I am using the survey package to calculate % estimates of conditions such as smoking prevalence in a set of subgeographies, along with the confidence intervals and coefficient of variation for each estimate. This is typically straightforward for me with code such as this:
svyby(~factor(SMOKING), ~COUNTY, na.rm=TRUE, dsgn, svymean, vartype=c("ci", "cv"))

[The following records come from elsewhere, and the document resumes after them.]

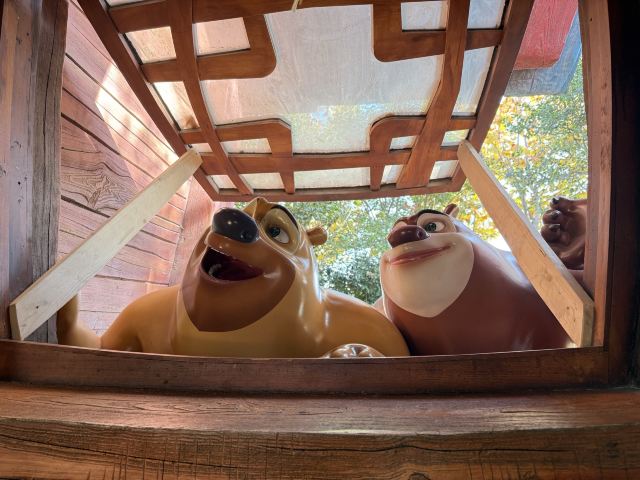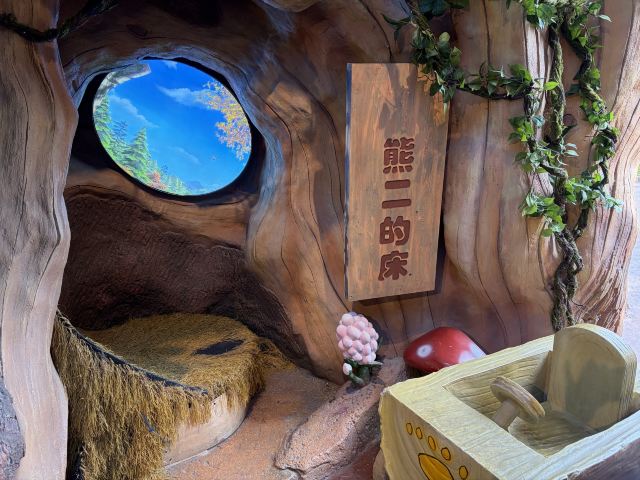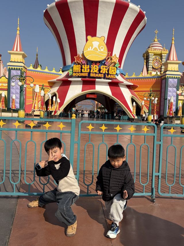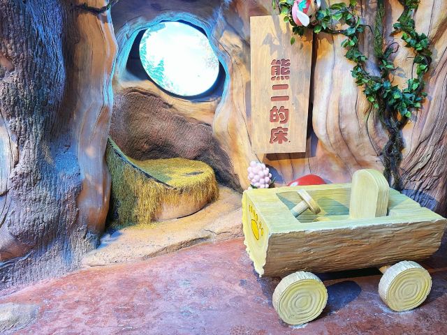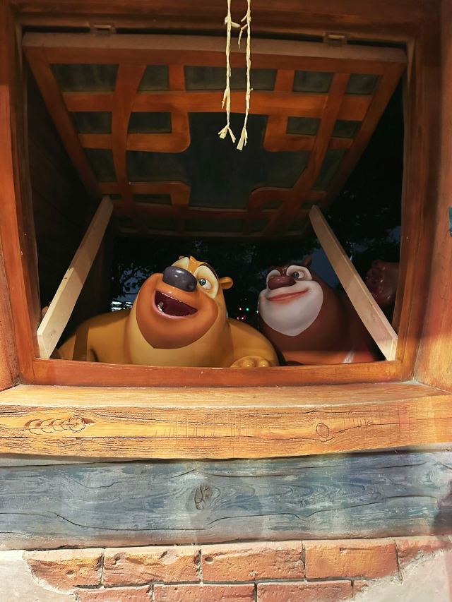 不得不誇讚一下熊出沒樂園,排隊區是有欄桿長型條板凳的,設計理念很好,但是雨天🌧️……水唧唧的……壓根也沒法坐……希望優化下,就更完美喇~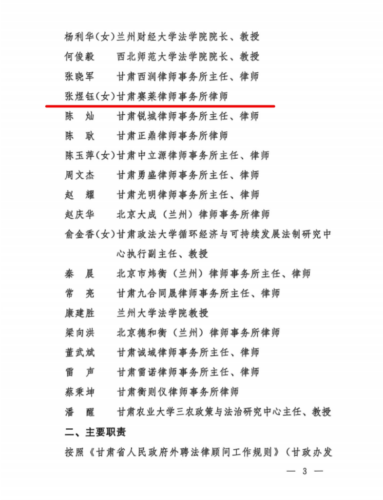 为全面推进法治政府建设,进一步提高政府依法行政、依法决策水平,近日,甘肃省人民政府办公厅印发《关于聘任省政府第四届外聘法律顾问的通知》(甘政办发【2026】3号),甘肃赛莱律师事务所张煜钰律师凭借扎实的专业功底、丰富的实务经验和良好的职业声誉,成功入选并获聘为甘肃省人民政府第四届外聘法律顾问,聘期3年。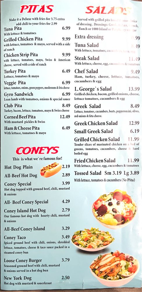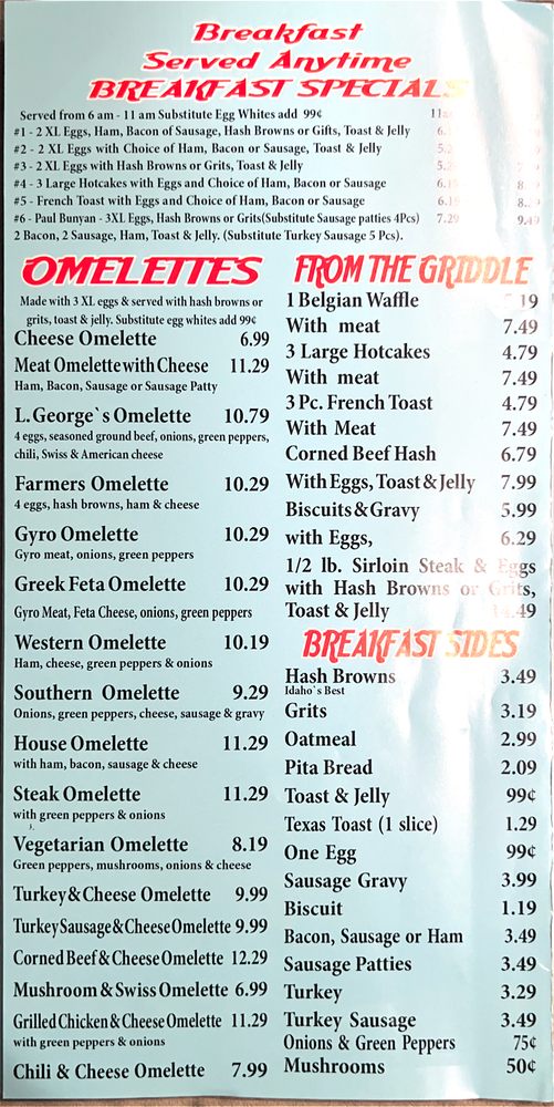 L George’s Coney Island, a popular American restaurant in Detroit, offers a wide range of breakfast options available all day. From hearty steak and eggs to flavorful omelettes like the Greek Omelette and the L. George's Omelette, there is something for everyone. Customers rave about the food, with Brandy F. describing it as amazing and Q J. calling it the Best on the Westside. Vegetarian options are plentiful, and the veggie omelet with perfectly cooked hash browns is a standout. Whether you're craving a classic Coney Island dish or a delicious breakfast special, L George’s Coney Island is a reliable choice for a satisfying meal. With delivery and takeout options available, you can enjoy their tasty offerings wherever you are. Visit L George’s Coney Island for a satisfying and delicious dining experience.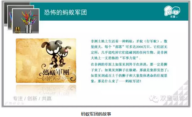 游戲結(jié)束,課程也正式開始啦!妞通過兩個(gè)小故事和我們分享了團(tuán)隊(duì)精神,在非洲的大地上有一支恐怖的“軍事力量”——螞蟻軍團(tuán)!成百上千的獅子和大象見到他們就會集體逃命,他們經(jīng)過的地方會寸草不生。一只螞蟻的力量很小,可成千上萬只螞蟻的力量卻是無窮大呀!

My issue is that svymean (and svyby) returns an error if there's at least one variable where all factor values are the same:
Error in `contrasts<-`(`*tmp*`, value = contr.funs[1 + isOF[nn]]) : contrasts can be applied only to factors with 2 or more levels
Here's an example situation where it throws this error:
1 3 5 7 9 11 13 15 17 19 21 23 25 27 777 999 Sum
1 29 46 45 63 7 54 11 24 37 39 61 49 50 55 19 4 593
2 18 36 28 69 0 28 8 18 21 24 29 50 27 45 5 5 411
Sum 47 82 73 132 7 82 19 42 58 63 90 99 77 100 24 9 1004
Note that the value 9 has no values of 2.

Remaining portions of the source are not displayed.